The 2 syllable dataset was perfectly balanced. This was because the contours were of the form (0 1) or (1 0), meaning that the word always had a stressed and unstressed syllable. We evaluated the model on raw data (56.18% accuracy) and augmented data (64.95% accuracy).
On the other hand, the 3 syllable dataset was skewed. It is important to note that this dataset was skewed towards 0’s rather than 1’s, unlike the original dataset. We tried dropping records where the syllable was unstressed in an attempt to balance the dataset.
With the balanced dataset, we had a slightly lower accuracy (70.11%) compared to the skewed dataset (73.62%). However just like before, the model was learning better, as is evident from the confusion matrices. Specifically, the model trained on the balanced dataset performs fairly well on the stressed syllables whereas the model trained on the skewed dataset performs poorly.
The size difference between the 2 syllable (1212) and 3 syllable (789) datasets are important to note. We did not analyse the 4 syllable dataset, because it was too small (less than 100) for our models to train effectively.
We then tried to incorporate duration i.e. the length of the original contours into our dataset, to try and see if it would have any effect on the accuracy.
We implemented this in two manners : if the contours were padded to the left, then we appended the length to the beginning of the contour, and if they were padded to the right, then we appended the length to the end of the contour. This was done to separate this ”length” from the rest of the contour.
We tried it with both the LSTM as well as the random forest models.
We then tried to incorporate other possible attributes to the contour in a similar manner to the duration. These attributes included the mean value of the contour, the min value, and the max value. The accuracies were pretty similar for all of these attributes around 60%, which was similar to that of the duration.

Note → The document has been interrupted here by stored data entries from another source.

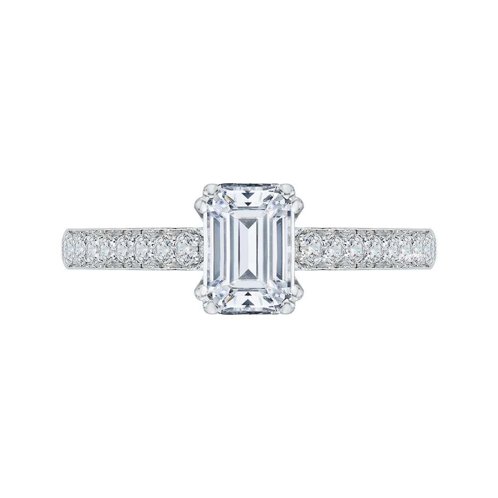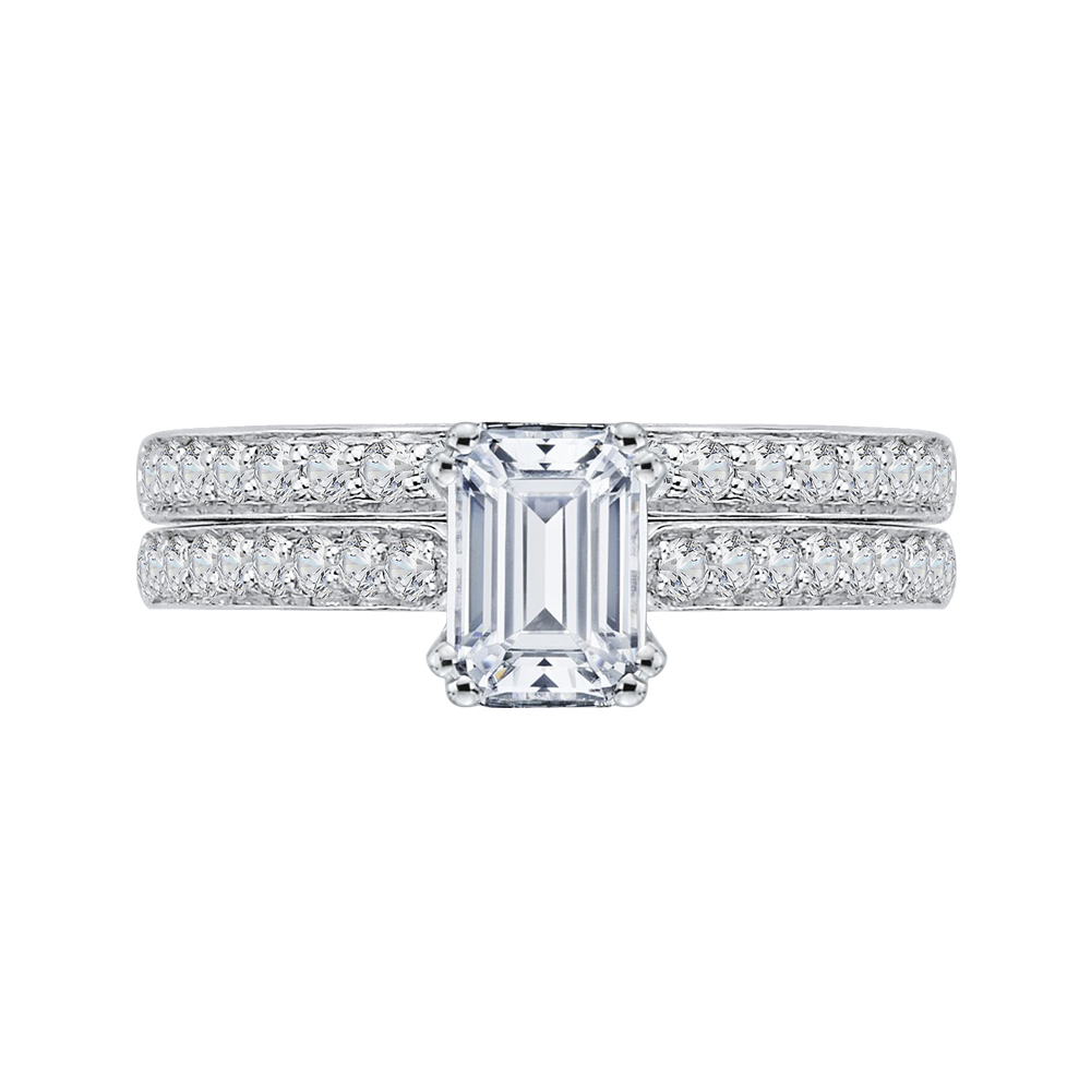 Emerald Cut Diamond Cathedral Style Engagement Ring in 14K White Gold
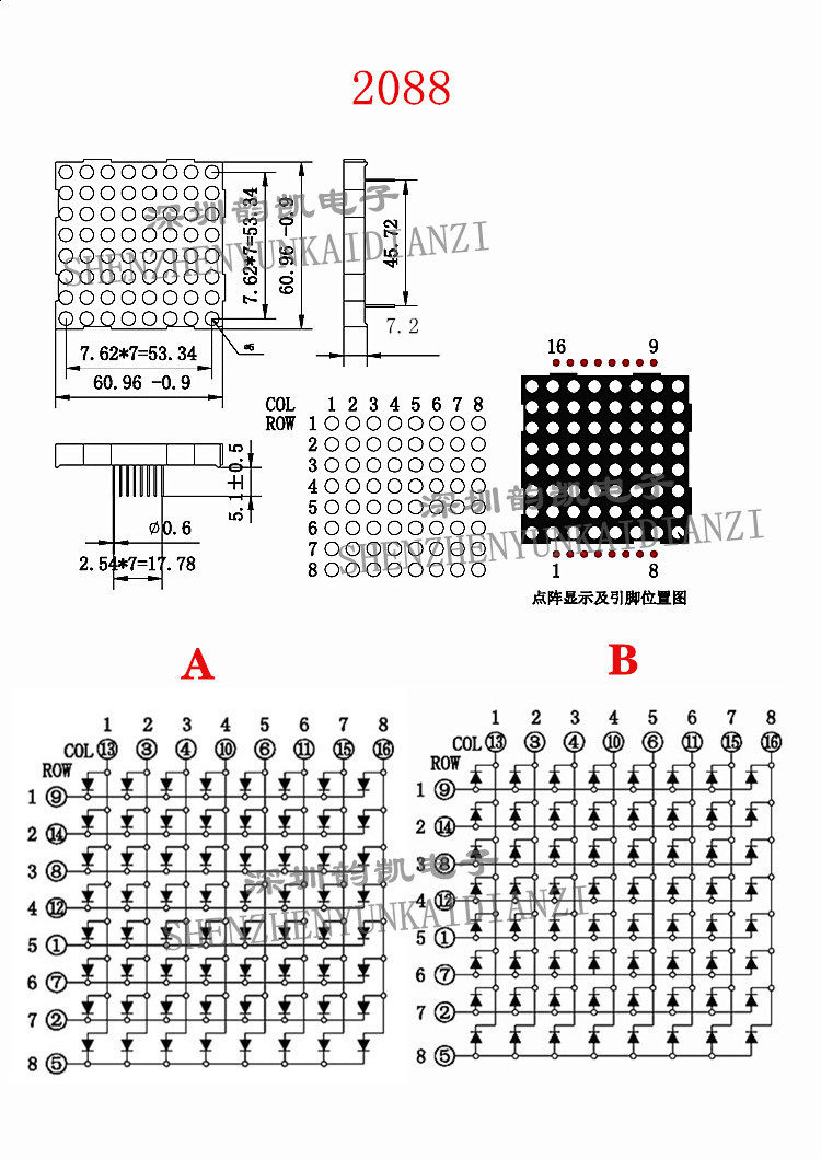 5mm16foot 8*8 red dot matrix module 2088AS 2088BS 2388 dot array LED dot match module F5
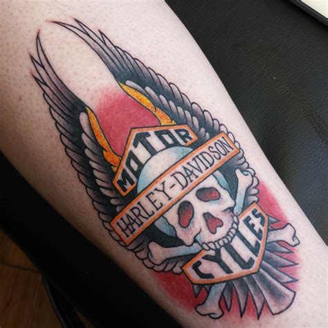 Harley tattoos are usually combined with: The wings and engine combo make a nice, crisply executed contrast of lines and styles to give the overall tattoo a new school vibe. Ever since william s harley and brothers arthur and walter davidson opened the doors to their small shed and rolled out their first motorcycle, harley davidson has been a name.
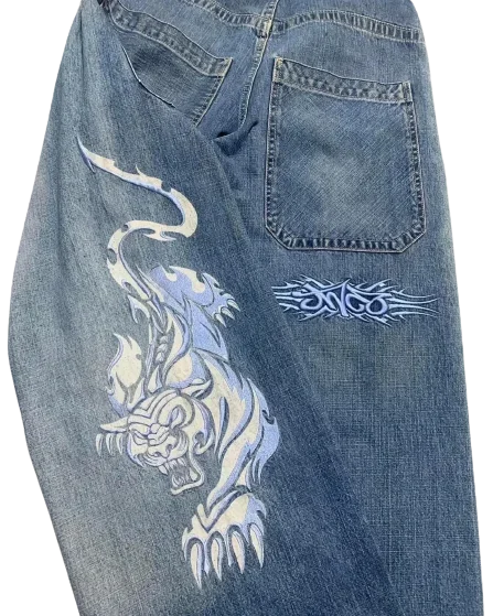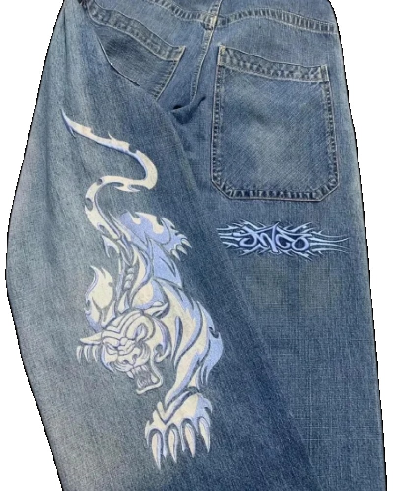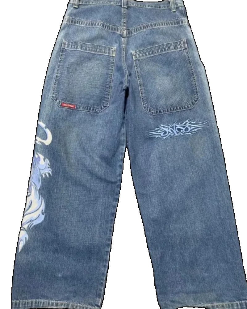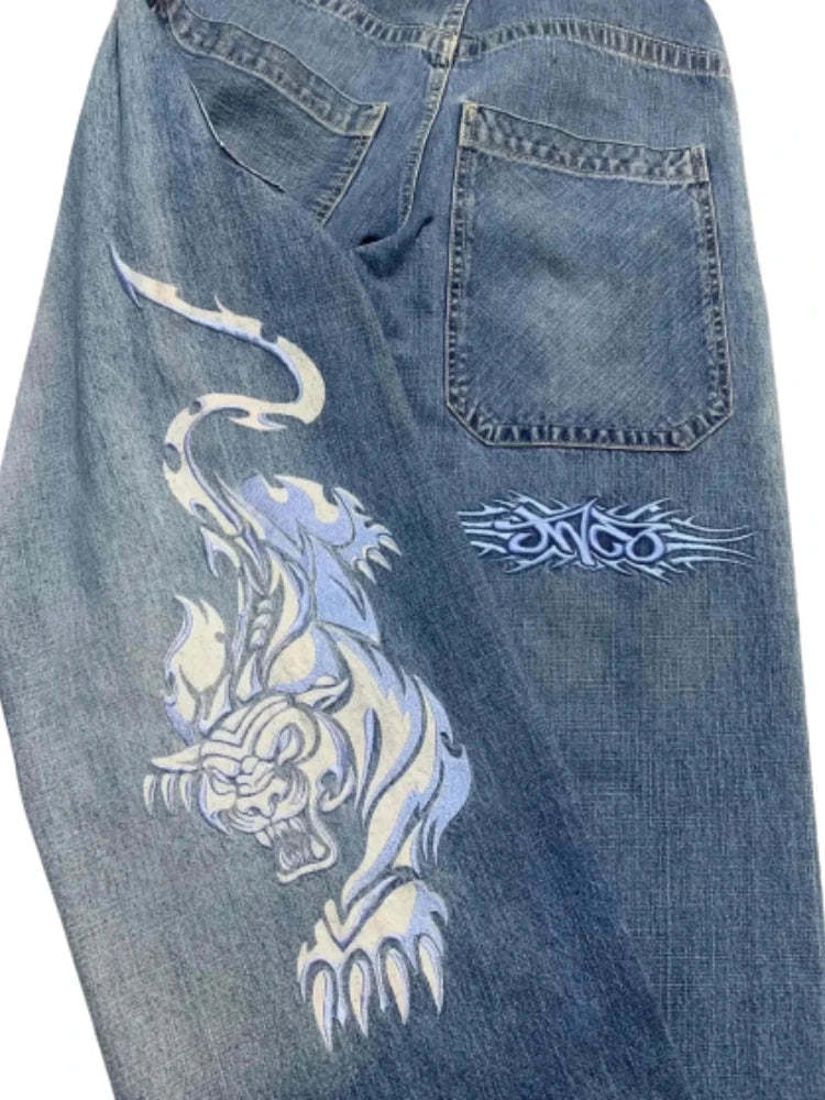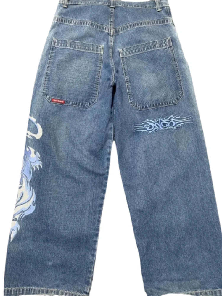 90s Streetwear Jeans Streetwear Y2K Mens Hip Hop Graphic Print Retro Blue Baggy Jeans Denim Pants New Gothic High Waisted Wide Trousers
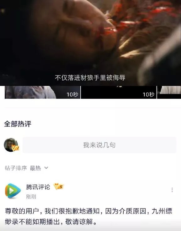 腾讯视频评论说,“因为介质原因,九州缥缈录不能如期播出”。介质问题,成为了一大未解之谜。
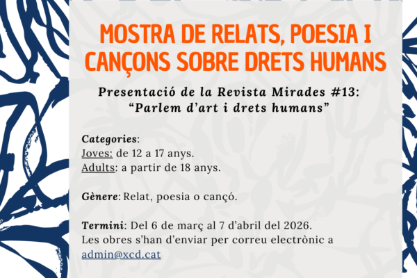 Con motivo de la presentación de la revista Mirades nº 13 sobre Arte y Derechos Humanos, la Federación Xarxa de Cooperació del sur de Catalunya organiza una muestra literaria en…
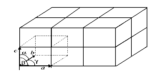 Una celda unitaria se caracteriza por tres vectores que definen las tres direcciones independientes del paralelepípedo. Esto se traduce en seis parámetros de red, que son los módulos, a, b y c, de los tres vectores, y los ángulos ab y l que forman entre sí, como se muestra en la figura 2. Estos tres vectores forman una base del espacio tridimensional, de tal manera que las coordenadas de cada uno de los puntos de la red se pueden obtener a partir de ellos por combinación lineal con los coeficientes enteros.
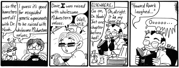 Dr. Noah was named after a friend of mine who’s a dedicated Objectivist, so I put in a lot of Objectivist stuff. At some point I settled on the idea that gerbils are left-wing and hamsters are right-wing. There was no good reason for this.
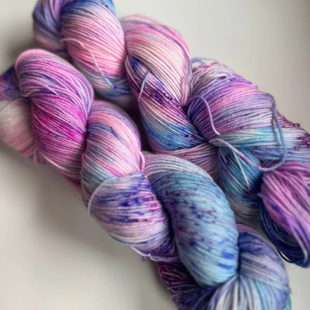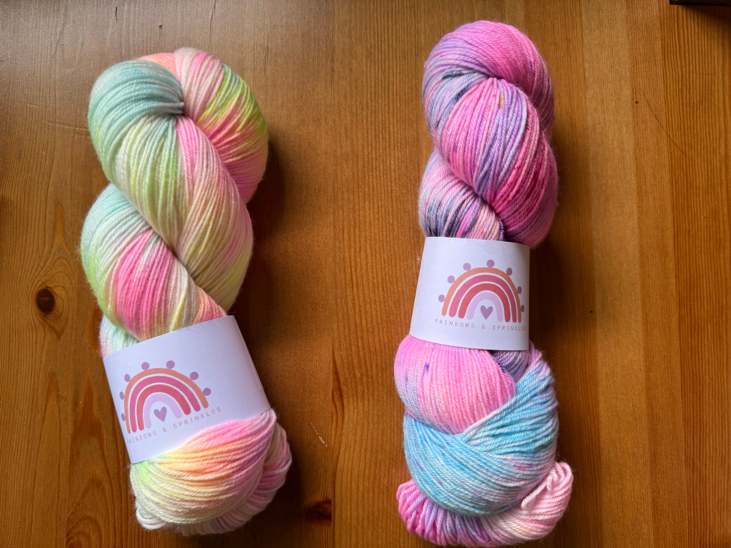 These two are from Rainbows and Sprinkles Yarn. The one on the left is called Enchanted Meadow and the one on the right is called Pink Sapphire. I feel like I wore a lot of nylon track jackets and wind breakers in the 90s. I especially remember a nylon track suit in that ubiquitous 90’s teal color. This color made me think of those jackets. Pink Sapphire is a soft synthwave color to me!
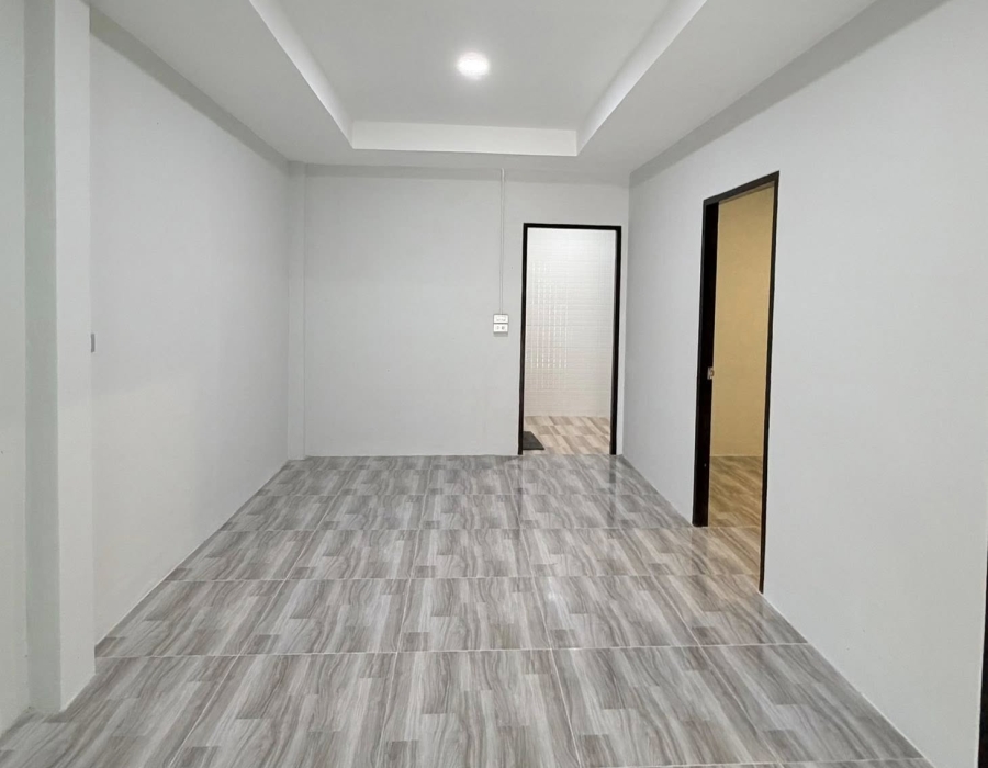 เป็นทาวน์เฮาส์ชั้นเดียว พื้นที่ 18 ตร.ว. 2 ห้องนอน 1 ห้องน้ำ 1 ครัว 1 โถง 1 จอด
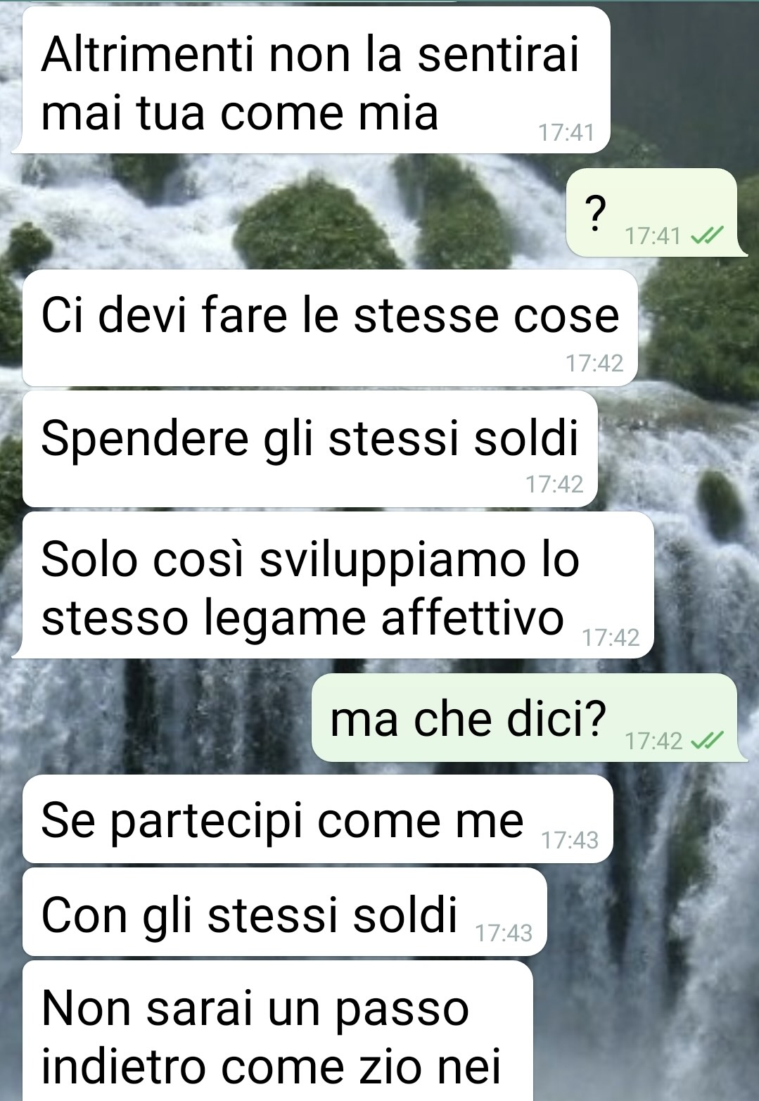 Pur non trattandosi di qualcosa di particolarmente grave, il nostro amico ha espresso il timore di sentirsi il “pollo” della situazione. Ha quindi deciso di condividere la chat e la sua storia per cercare un parere esterno, chiedendo se anche altri al posto suo avrebbero avuto la stessa sensazione.
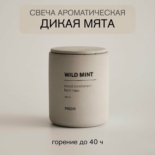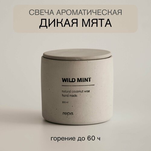 Свеча ароматическая с крышкой repa home decor "Дикая Мята" - Кокосовая свеча в стакане из гипса с хлопковым фитилём, 40 часов горения, 7,5 см х 7,8 см
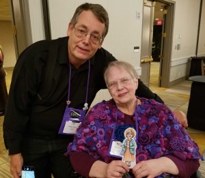 Tuesday evening was all about getting settled into Jan and I’s room and re-uniting with lots of friends. The next day I was going to be very involved with Professional Development Day so didn’t have too late an evening. I was one of the first to arrive at the room for PDD, and helped with set-up. One of the first people I got to meet was Debra L who knew me because of Florence and her adventures on Instagram. So of course, we needed a photo with Florence and Debra before the day was done. I’ll get into more detail about Florence in a future post, you’ll be seeing her a lot in photos from this conference though.
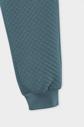Тёплые брюки из капитония. Капитоний – это стёганое трикотажное полотно с утеплителем из полиэстеровой нити. Изделие имеет мягкие эластичные манжеты и пояс из рибаны. Пояс регулируется по ширине с помощью шнурка. Все трикотажные полотна производятся в соответствии с нормами Швейцарского сертификата ЭкоТекс.
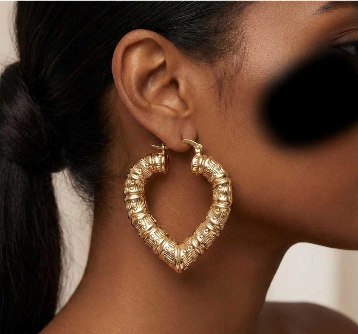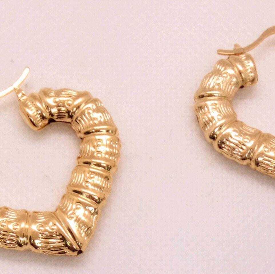 14k Gold-Filled Bamboo Heart Earrings - Elegant Design with 1.25 Inch Size for E
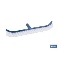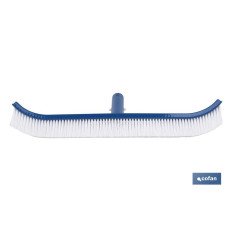 Cepillo curvo diseñado para limpiar el fondo y las paredes de la piscina, manteniéndola limpia y cristalina.Muy ligero y cómodo de manejar, con gran densidad y resistencia de cerdas diseñadas para ayudar a eliminar la acumulación de algas en las paredes o en el suelo de la piscina.El cepillo tiene una medida de 45 cm y el mango 31 cm de largo. Su anchura permite cubrir grandes áreas para una limpieza más eficiente. Sistema de fijación al mango telescópico con un clip. Fabricado en polipropileno de color azul.
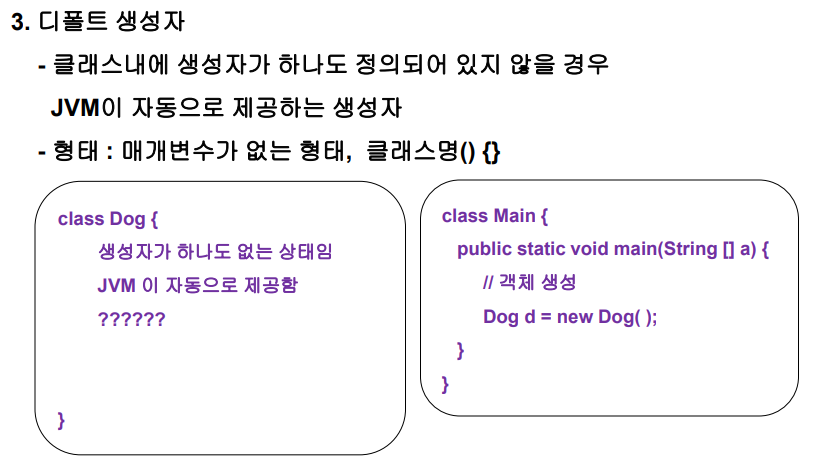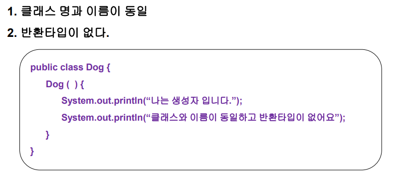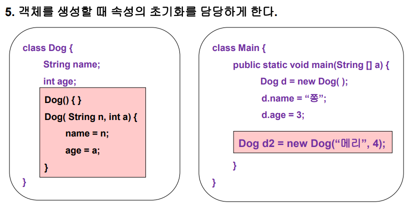 생성자는 인스턴스 객체를 만들 때 임의의 값으로 초기화하기 위해 사용한다.
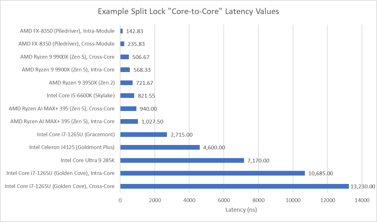 For consumer systems though, Linux’s default feels like an overreaction to a problem that didn’t exist. A core-to-core latency test uses locks at a rate no normal application would. A split lock variant of that test is even more ridiculous. Games have apparently been using split locks for quite a while, and have not created issues even on AMD’s Zen 2 and Zen 5. However, a game that runs at 10 FPS on Linux and 200 FPS on Windows is a problem for Linux.
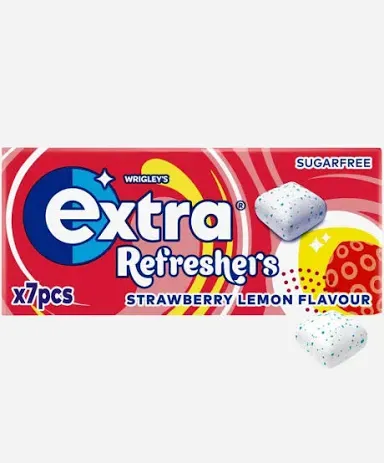 Extra Refreshers Strawberry Lemon Sugarfree Chewing Gum Handy Box 7 Pieces 16 x 19g
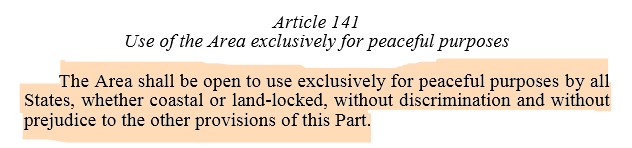 Dieser Grundsatz des Verlustes der eigenen Souveränität bei völkerrechtswidriger Gewaltanwendung gegen andere, schlägt sich auch in Artikel 141 UNCLOS nieder, der da lautet:

So far, we had actually implemented a sequence to a binary classification model. We then tried to combine two (and afterwards, three) contours together to be able to train a seq2seq model on the resulting dataset. We rewrote the seq2seq LSTM code from scratch for 2 concatenated contours, and were subsequently able to achieve an accuracy of almost 70%. We also tried some hyper-parameter tuning for the above model, but the above accuracy turned out to be the best possible accuracy.
We then tried the same for 3 concatenated contours, and we actually observed a dip in the accuracy.
During the course of the BTP (B.Tech Project), we worked on projects that are closely related to Speech Prominence Detection, that can also act as standalone products or micro-services.
We developed a model that takes a large body of text as input, and extracts a smaller subset of the text that is relevant to sentiment analysis.
In order to understand how our model was interpreting the feature contours, we separated the contours syllable wise, adding boundaries to the beginning and end of each syllable. This visualization may prove useful in other research contexts where a fine-grained analysis of speech patterns is necessary.
For instance, when studying language acquisition in children, a syllable boundary detector can offer valuable insights into the temporal aspects of speech production.
In conclusion, this project aimed to develop a sequence-to-sequence (seq2seq) model for predicting syllable stress in a given word or statement. Leveraging a fixed code that converts audio signals into normalized contours and separates them into constituent syllables, we explored various approaches to enhance model performance. Through meticulous pre-processing, sequence reformatting, and hyper-parameter tuning, we successfully adapted the seq2seq architecture to accommodate the intricacies of syllabic stress prediction. The combination of advanced deep learning techniques and tailored pre-processing methodologies has resulted in robust models capable of accurately predicting stress patterns, offering valuable insights into the nuanced rhythm and intonation of spoken language.